**Assigned task**
Would you print the records below from the first line through the line containing "Interferenza con NV02", skipping the pictures?

------ Available data

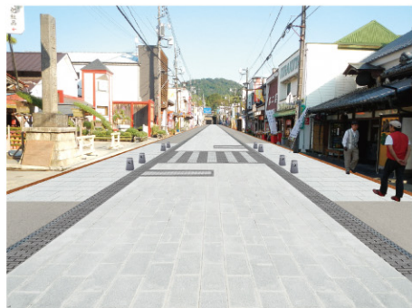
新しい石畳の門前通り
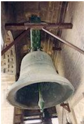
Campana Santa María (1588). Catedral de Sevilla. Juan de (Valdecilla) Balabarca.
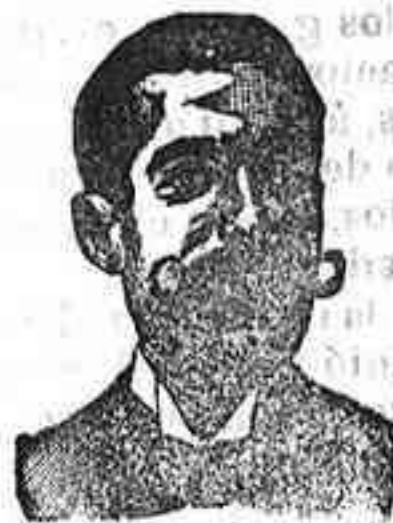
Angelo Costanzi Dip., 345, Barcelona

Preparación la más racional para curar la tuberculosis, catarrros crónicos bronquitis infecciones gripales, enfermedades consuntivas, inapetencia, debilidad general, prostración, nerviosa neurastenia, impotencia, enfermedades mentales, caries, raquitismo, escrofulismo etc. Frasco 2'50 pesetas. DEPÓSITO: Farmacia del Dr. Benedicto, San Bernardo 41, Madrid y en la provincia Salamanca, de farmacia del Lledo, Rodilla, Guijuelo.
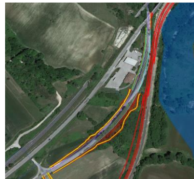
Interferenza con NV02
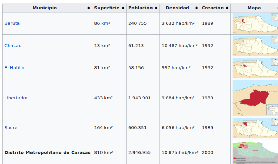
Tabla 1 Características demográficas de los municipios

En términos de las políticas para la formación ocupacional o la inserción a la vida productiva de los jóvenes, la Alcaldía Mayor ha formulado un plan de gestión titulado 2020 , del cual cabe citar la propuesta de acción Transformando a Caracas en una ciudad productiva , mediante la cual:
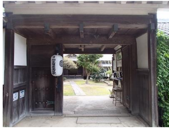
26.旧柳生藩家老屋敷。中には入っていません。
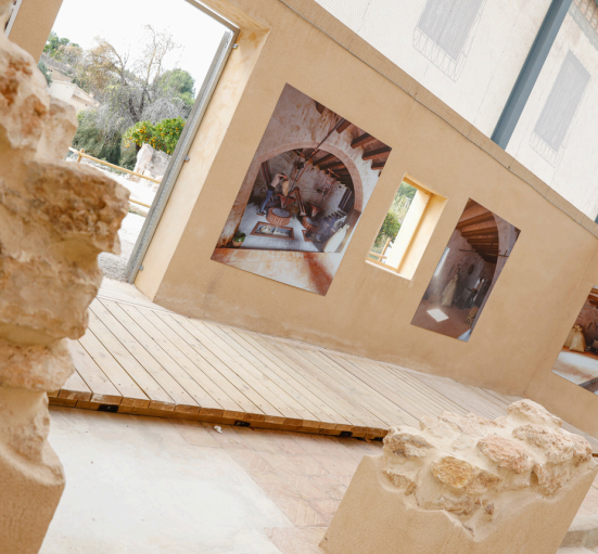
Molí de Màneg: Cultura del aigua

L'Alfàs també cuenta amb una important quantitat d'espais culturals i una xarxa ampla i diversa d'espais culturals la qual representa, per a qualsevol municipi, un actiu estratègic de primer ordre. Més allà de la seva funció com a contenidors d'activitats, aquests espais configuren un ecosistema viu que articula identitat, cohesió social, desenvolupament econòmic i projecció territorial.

------------

**Answer for the task**
新しい石畳の門前通り
Campana Santa María (1588). Catedral de Sevilla. Juan de (Valdecilla) Balabarca.
Angelo Costanzi Dip., 345, Barcelona

Preparación la más racional para curar la tuberculosis, catarrros crónicos bronquitis infecciones gripales, enfermedades consuntivas, inapetencia, debilidad general, prostración, nerviosa neurastenia, impotencia, enfermedades mentales, caries, raquitismo, escrofulismo etc. Frasco 2'50 pesetas. DEPÓSITO: Farmacia del Dr. Benedicto, San Bernardo 41, Madrid y en la provincia Salamanca, de farmacia del Lledo, Rodilla, Guijuelo.
Interferenza con NV02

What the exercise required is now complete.